In simple we over program. There are many Christians that are so busy doing good things that their faith is extremely shallow. In zealousness we forget that life is more than just activity. Some churches program their way out of the missions context God placed them in. We are the analogy of a chick-flic where the girl gets the guy and then…role the credits. (Ever wonder what happens next?)
Willow Creek discovered this. They were doing many incredible things, but they were not making disciples as they should. The leadership realized they needed a radical re-working of how they do things to focus on producing disciples. The book Simple Church deals with the same issue among many (most?) churches.
Community.
We need commonality for community to exist. The phrase “online community” is used all the time. Let us be honest with each other: we lost what community really means. Social media strikes a chord because as humans we really do crave community. Community is diverse. I disagree with the sentiment that states people are into social media because they want fame. Honestly, that is too complex. People want identity.

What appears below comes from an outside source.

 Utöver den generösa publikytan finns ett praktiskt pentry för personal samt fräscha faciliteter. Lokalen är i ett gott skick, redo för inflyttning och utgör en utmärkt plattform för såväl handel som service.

If churches traded simplicity for programs, it traded community for commercialism & commodity. The danger of being over programmed is we start treating issues and people as a commodity, as customers and not as they are: People in the image of God. God is infinite, which means if the church is to glorify God (show or demonstrate accurately who He is) it takes diversity. Relationships are organic not synthetic. Ministry is farm work, not lab work; a muddy or dusty field not an assembly line.
Authentic.
We know we have opinions and we know we are not perfect. I find it hilarious how academic writing requires 3rd person (as if that magically more objective) or how we can make things a production instead of just being together and worshiping. A business workshop aptly stated: If you say you’re authentic, you better be, because everyone says it. I often heard from people that: if you have to state something, you’re likely not. If something is true, it will show itself true. Here is the key question: Why do we feel we need to say we are authentic?

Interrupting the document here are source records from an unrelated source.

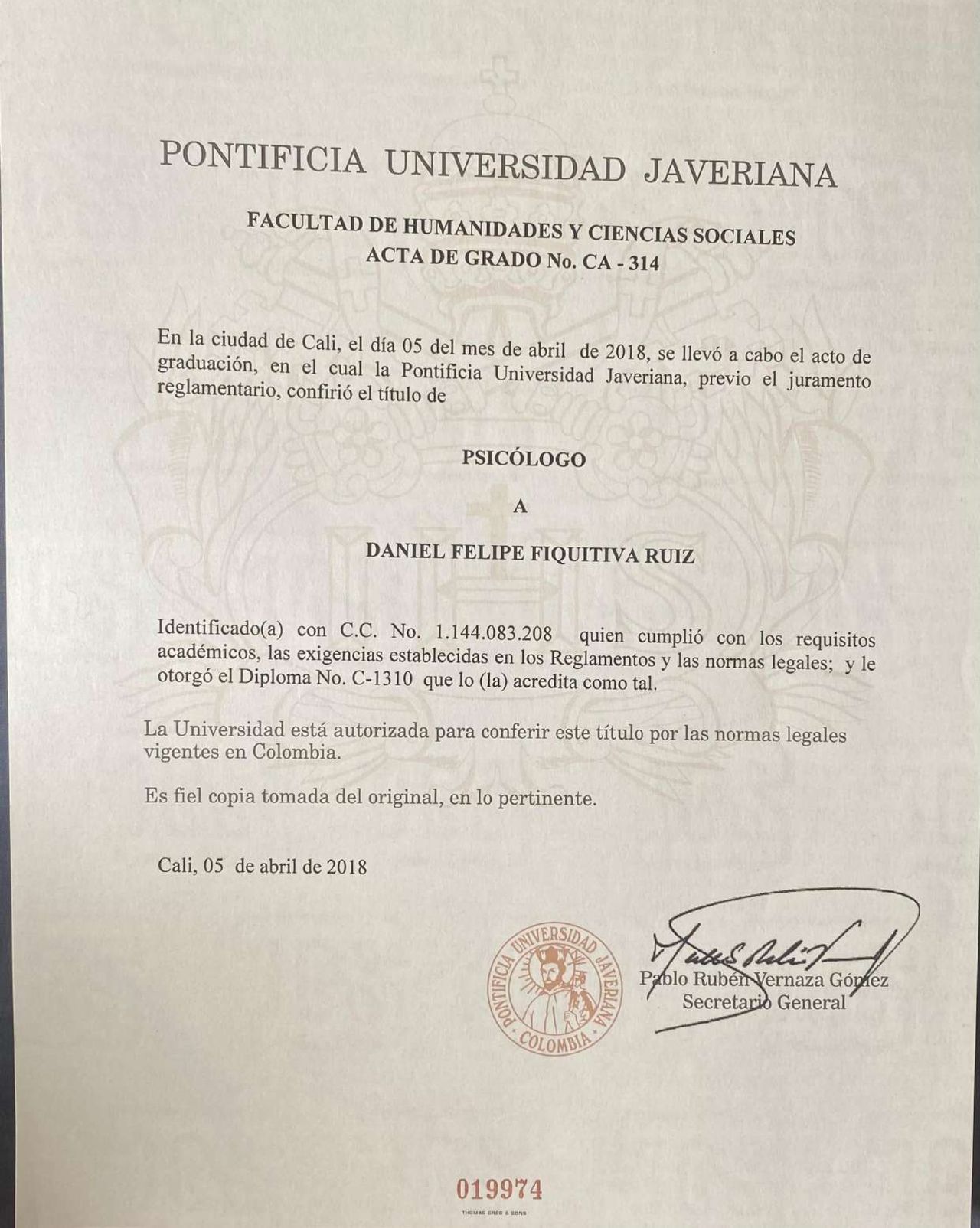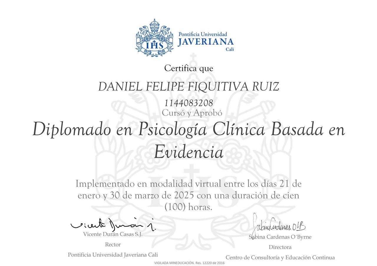 ¿Cuáles son las especialidades principales de Daniel Fiquitiva Ruiz?Daniel Fiquitiva Ruiz es Psicólogo. Te mostramos algunos de los servicios que ofrece gracias a su trayectoria y su amplia experiencia: Psicoterapia virtual.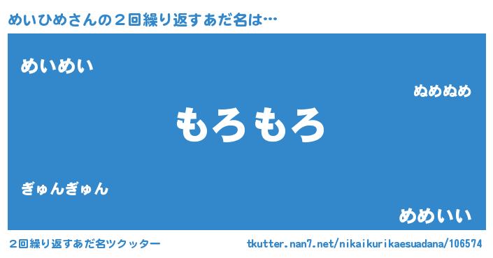 | 男性向けラノベタイトル風あだ名 | 『Re:めいひめから始める異世界生活』 |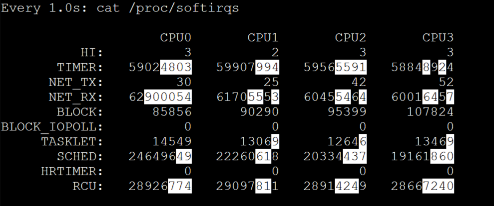 我们进一步来看软中断的变化,既然软中断消耗的CPU高,那必然是要看一下软中断的计数器了:

My English prof described a hard conversation with her parents. She wanted to know if her parents were saved. Her mom was upset. “Couldn’t you tell by how I lived?” There are eras where how we lived that was the true judge, not what we said. “We need both,” Mrs. Williams stated. “I feel as though we lost the art of our living communicating what we believe.”
The Bottom Line:
Simple. Community. Authentic. Maybe we should take off the mask and call them for what they are: three areas where we need to repent. I hope we pursue them less as fad and more as a call to get back to what God wants us to be. I can’t help but notice what is core to each of these three things: People. Love God…Love People…Simple. Community. Authentic.